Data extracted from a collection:
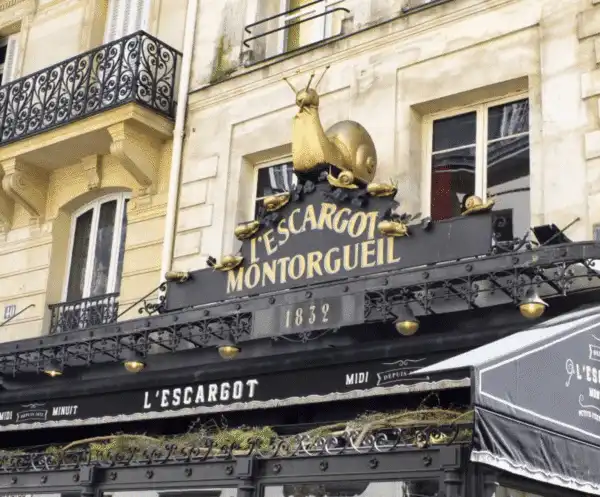 It is without a doubt the most original sign on the street! L’Escargot de Montorgueil opened in 1832 to specialize in Burgundian cuisine and snail dishes. Having preserved its superb sign in the shape of a large golden snail, this restaurant also contains a magnificent decoration: its ceiling by Georges Clairin, adorned the living room of the divine Sarah Bernhardt.
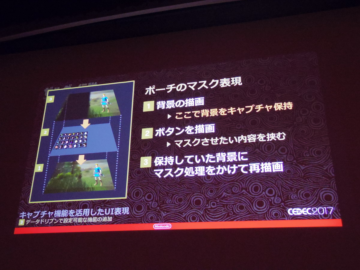 They only had 2 UI designers who wouldn’t be able to handle everything alone, so they worked with the programmers to implement little tricks. Expanding on NCL’s proprietary “LayoutEditor” tool in a “data driven” fashion, allowing designers to place and animate screen nodes, and giving programmers control over them. Up until BotW designers needed programmers in order to implement data into the game, so with BotW it was changed so that the game screens could be previewed on top of each other, over the running game.
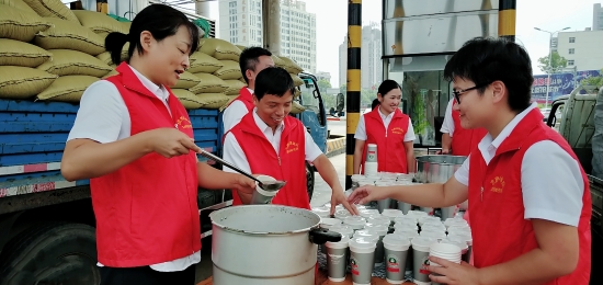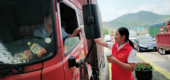 圖為送清涼活動現(xiàn)場 “師傅,你好,喝一碗冰綠豆湯解解暑吧。” 溫嶺西收費(fèi)所、大溪嶺隧道所黨員帶頭,團(tuán)員響應(yīng),大家主動放棄休息時間,組成志愿服務(wù)隊(duì),頂著高溫在高速出口處為過往司乘免費(fèi)提供綠豆湯、紅棗湯等飲品,同時還備足藿香正氣水、風(fēng)油精等解暑藥品,讓廣大司乘在炎炎夏日感受到一絲清涼。當(dāng)司乘人員從志愿者手中接過一杯杯綠豆湯時,志愿者還不忘提醒司乘高溫酷暑天氣注意行車安全。面對“春風(fēng)”般微笑的志愿者,喝著綠豆湯的司乘人員都露出了開心的笑容,紛紛豎起大拇指感謝志愿者們的貼心服務(wù)。
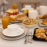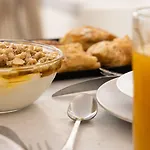 En frukostbuffé serveras här varje morgon. Det här hotellet ligger alldeles runt hörnet från Scirocco.
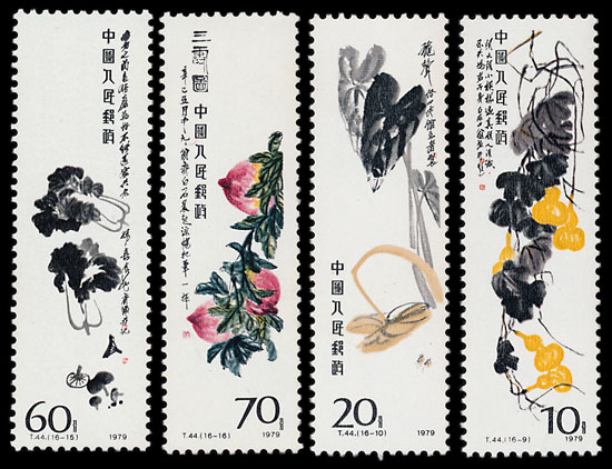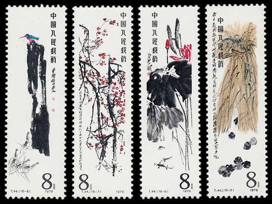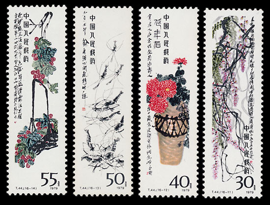 Throughout the course of his life Qi Baishi painted thousands of pictures, effortlessly combining traditional Chinese painting techniques with folk art to create his own distinct style. The stamps – celebrating his career as an artist - stay consistent with the dimensions of his actual screen paintings and alterations to his designs have been kept to a minimum, allowing his watercolours to be viewed as they were intended. As an artist he wanted to express profound meaning through ordinary subjects and the stamps chosen to honour his career reflect this.

• [WORK ITEM]
Would you copy, word for word, only the lines above from the one containing "They only had" through the one containing "En frukostbuffé serveras", both included, and please leave out the pictures?

• [EXERCISE OUTPUT]
 They only had 2 UI designers who wouldn’t be able to handle everything alone, so they worked with the programmers to implement little tricks. Expanding on NCL’s proprietary “LayoutEditor” tool in a “data driven” fashion, allowing designers to place and animate screen nodes, and giving programmers control over them. Up until BotW designers needed programmers in order to implement data into the game, so with BotW it was changed so that the game screens could be previewed on top of each other, over the running game.
 圖為送清涼活動現(xiàn)場 “師傅,你好,喝一碗冰綠豆湯解解暑吧。” 溫嶺西收費(fèi)所、大溪嶺隧道所黨員帶頭,團(tuán)員響應(yīng),大家主動放棄休息時間,組成志愿服務(wù)隊(duì),頂著高溫在高速出口處為過往司乘免費(fèi)提供綠豆湯、紅棗湯等飲品,同時還備足藿香正氣水、風(fēng)油精等解暑藥品,讓廣大司乘在炎炎夏日感受到一絲清涼。當(dāng)司乘人員從志愿者手中接過一杯杯綠豆湯時,志愿者還不忘提醒司乘高溫酷暑天氣注意行車安全。面對“春風(fēng)”般微笑的志愿者,喝著綠豆湯的司乘人員都露出了開心的笑容,紛紛豎起大拇指感謝志愿者們的貼心服務(wù)。
 En frukostbuffé serveras här varje morgon. Det här hotellet ligger alldeles runt hörnet från Scirocco.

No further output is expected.